-- The task --
Leaving out all pictures, write out word for word the lines from the one containing "Scaunul Parc imbina" to the end of the data below.

-- The data --
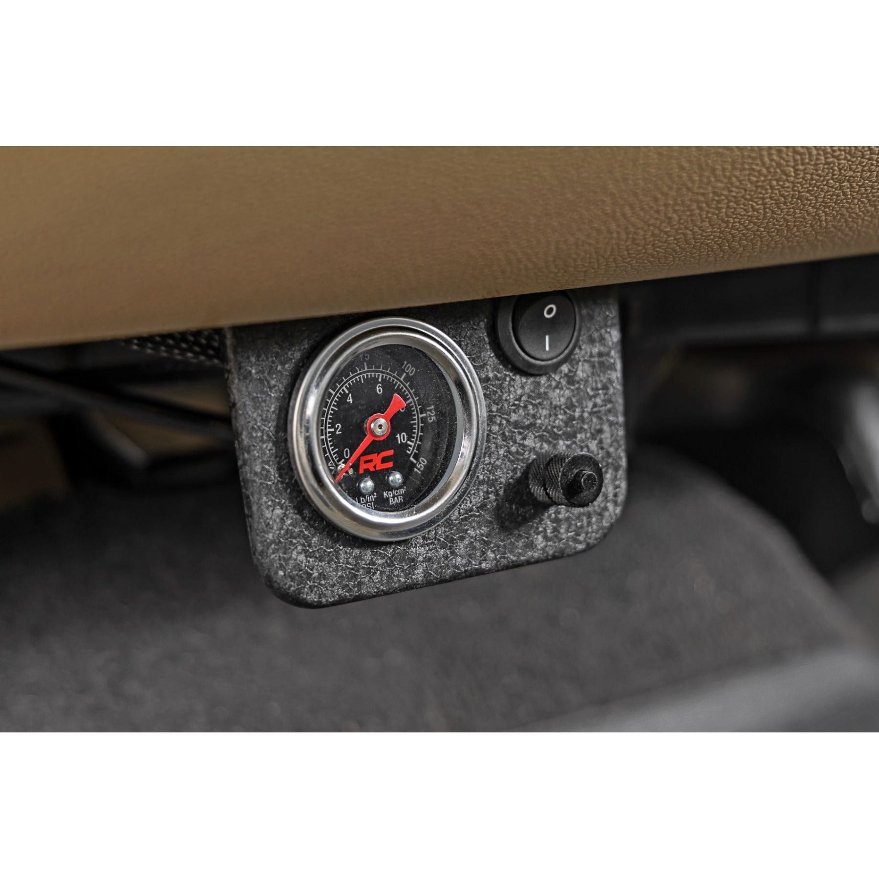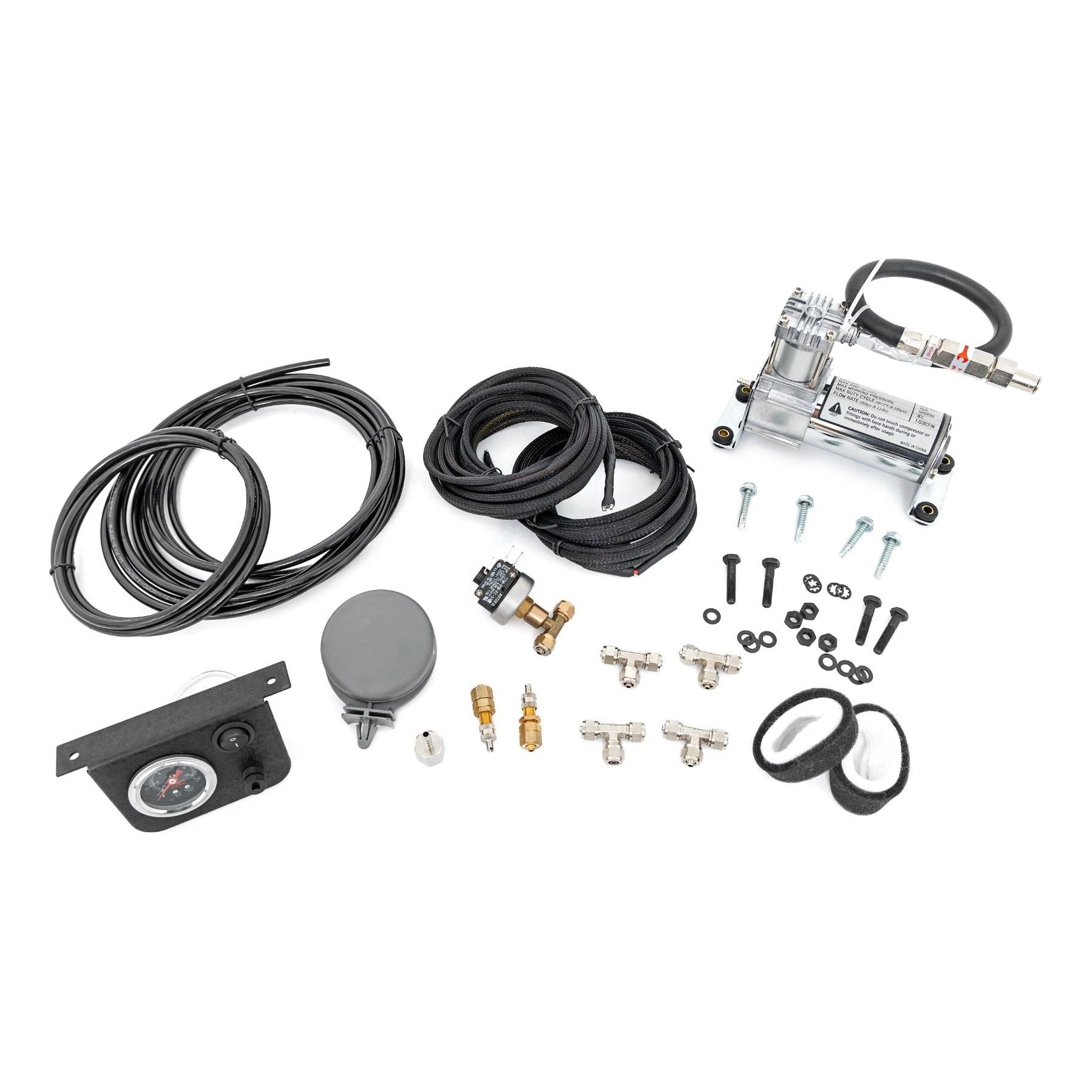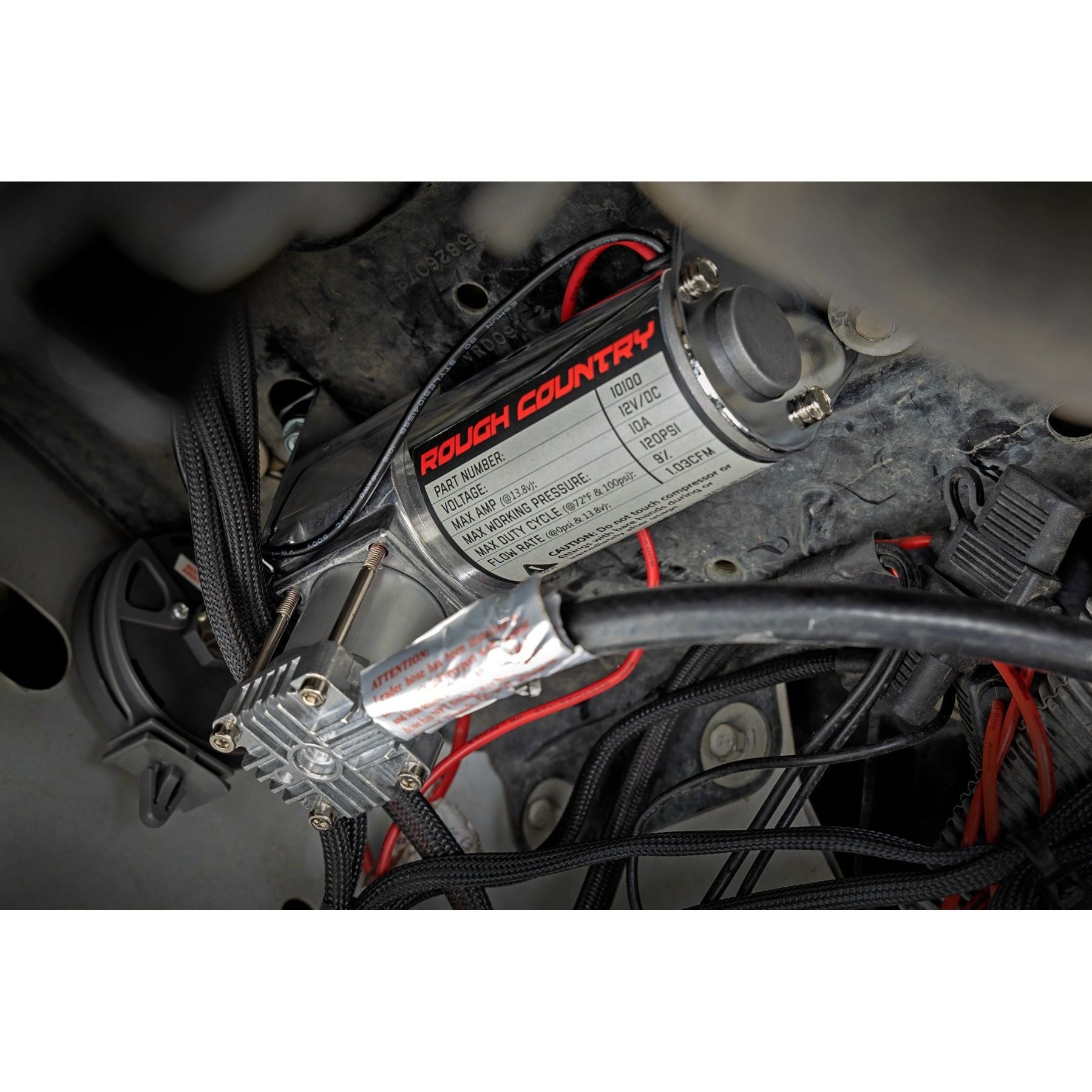 Heavy-Duty and Reliable. The Air Compressor Kit is moisture and dust-resistant, and it comes with a high-pressure leader hose. Our heavy-duty compressor has a recommended max working pressure of 120 PSI. In addition, it includes a gauge and all necessary wiring and air line to tie into your existing Rough Country Air Spring Kit. So, your vehicle's air springs can be adjusted at any time without having to look for an air source. And thanks to the low-pressure sensor, you can be sure that your air springs are always correctly inflated.
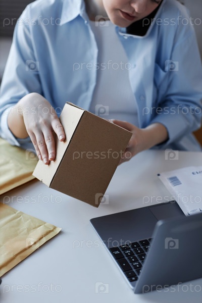 Близкий план молодого менеджера интернет-магазина, общающегося с клиентом
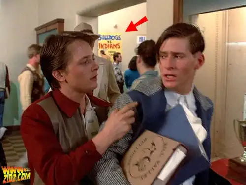 Когда Марти идут с Доком по школе, на заднем плане висит плакат «Bulldogs vs. Indians». «Bulldogs» была командой по амер. футболу начальной школы Боба Гейла, а «Indians» - средней школы.
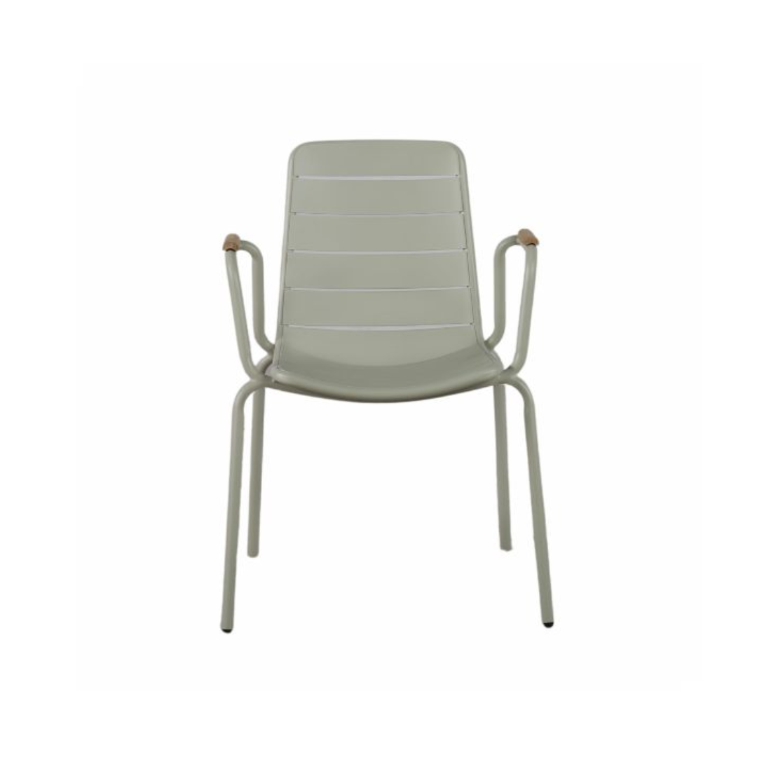 Scaunul Parc imbina designul scandinav cu functionalitatea ridicata si durabilitatea de lunga durata. Cadrul din aluminiu, in nuanta verde masliniu, ofera scaunului un aspect modern si totodata atemporal, potrivindu-se perfect in orice decor exterior.
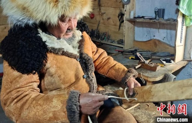 中新网乌鲁木齐5月31日电 (胡嘉琛)在新疆阿勒泰市拉斯特乡,年过七旬的斯兰别克·沙合什与儿子胡安什别克隔几日便会来到工作坊,轻车熟路地在桦木板上打孔穿绳,制作毛皮滑雪板。
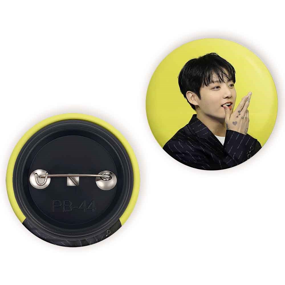 پیکسل 44 میلی متری جونگ کوک Jung Kook گروه بی تی اس BTS خندالو با روکش سلفون حرارتی مات مخملی ضدخش و قطعه پشتی رنگی تولید شده است.پلاستیکی پشت پیکسل با سوزن یک تکه ثابت و بدون لغزش و جا به جایی، ایستایی بسیار بهتری نسبت به پشتی فلزی پیکسل دارند که این مهم در تولید این محصول نیز رعایت شده است.
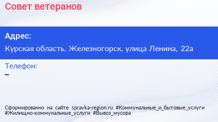 Совет ветеранов по адресу Курская область, Железногорск, улица Ленина, 22а в дальнейшем Организация, размещена в следующих категориях:

-- Task output --
 Scaunul Parc imbina designul scandinav cu functionalitatea ridicata si durabilitatea de lunga durata. Cadrul din aluminiu, in nuanta verde masliniu, ofera scaunului un aspect modern si totodata atemporal, potrivindu-se perfect in orice decor exterior.
 中新网乌鲁木齐5月31日电 (胡嘉琛)在新疆阿勒泰市拉斯特乡,年过七旬的斯兰别克·沙合什与儿子胡安什别克隔几日便会来到工作坊,轻车熟路地在桦木板上打孔穿绳,制作毛皮滑雪板。
 پیکسل 44 میلی متری جونگ کوک Jung Kook گروه بی تی اس BTS خندالو با روکش سلفون حرارتی مات مخملی ضدخش و قطعه پشتی رنگی تولید شده است.پلاستیکی پشت پیکسل با سوزن یک تکه ثابت و بدون لغزش و جا به جایی، ایستایی بسیار بهتری نسبت به پشتی فلزی پیکسل دارند که این مهم در تولید این محصول نیز رعایت شده است.
 Совет ветеранов по адресу Курская область, Железногорск, улица Ленина, 22а в дальнейшем Организация, размещена в следующих категориях:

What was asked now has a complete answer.